= Provided entries =
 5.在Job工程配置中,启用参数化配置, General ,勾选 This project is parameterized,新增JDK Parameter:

--

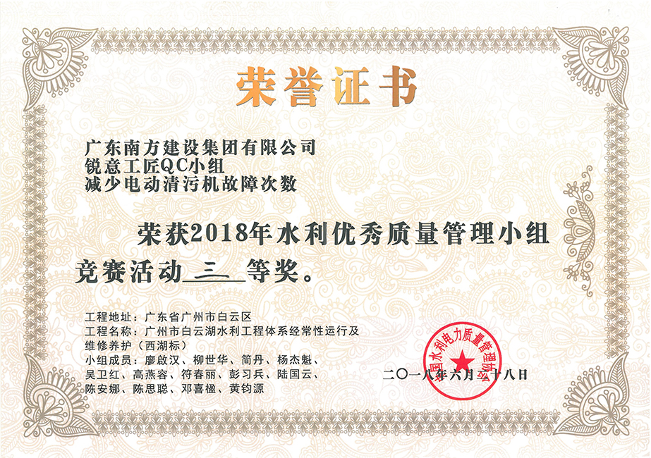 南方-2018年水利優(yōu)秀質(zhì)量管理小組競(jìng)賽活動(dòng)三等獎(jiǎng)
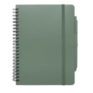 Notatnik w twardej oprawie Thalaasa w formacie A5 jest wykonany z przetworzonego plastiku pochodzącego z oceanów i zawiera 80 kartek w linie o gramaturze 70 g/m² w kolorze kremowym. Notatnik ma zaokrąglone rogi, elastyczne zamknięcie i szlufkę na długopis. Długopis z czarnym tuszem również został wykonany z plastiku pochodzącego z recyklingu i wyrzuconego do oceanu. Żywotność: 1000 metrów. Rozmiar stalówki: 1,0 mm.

= Work order =
Copy only the lines above from the one containing "南方-2018年水利優(yō" through the one containing "Notatnik w twardej", both included. Leave out the pictures.

= Solution =
 南方-2018年水利優(yōu)秀質(zhì)量管理小組競(jìng)賽活動(dòng)三等獎(jiǎng)
 Notatnik w twardej oprawie Thalaasa w formacie A5 jest wykonany z przetworzonego plastiku pochodzącego z oceanów i zawiera 80 kartek w linie o gramaturze 70 g/m² w kolorze kremowym. Notatnik ma zaokrąglone rogi, elastyczne zamknięcie i szlufkę na długopis. Długopis z czarnym tuszem również został wykonany z plastiku pochodzącego z recyklingu i wyrzuconego do oceanu. Żywotność: 1000 metrów. Rozmiar stalówki: 1,0 mm.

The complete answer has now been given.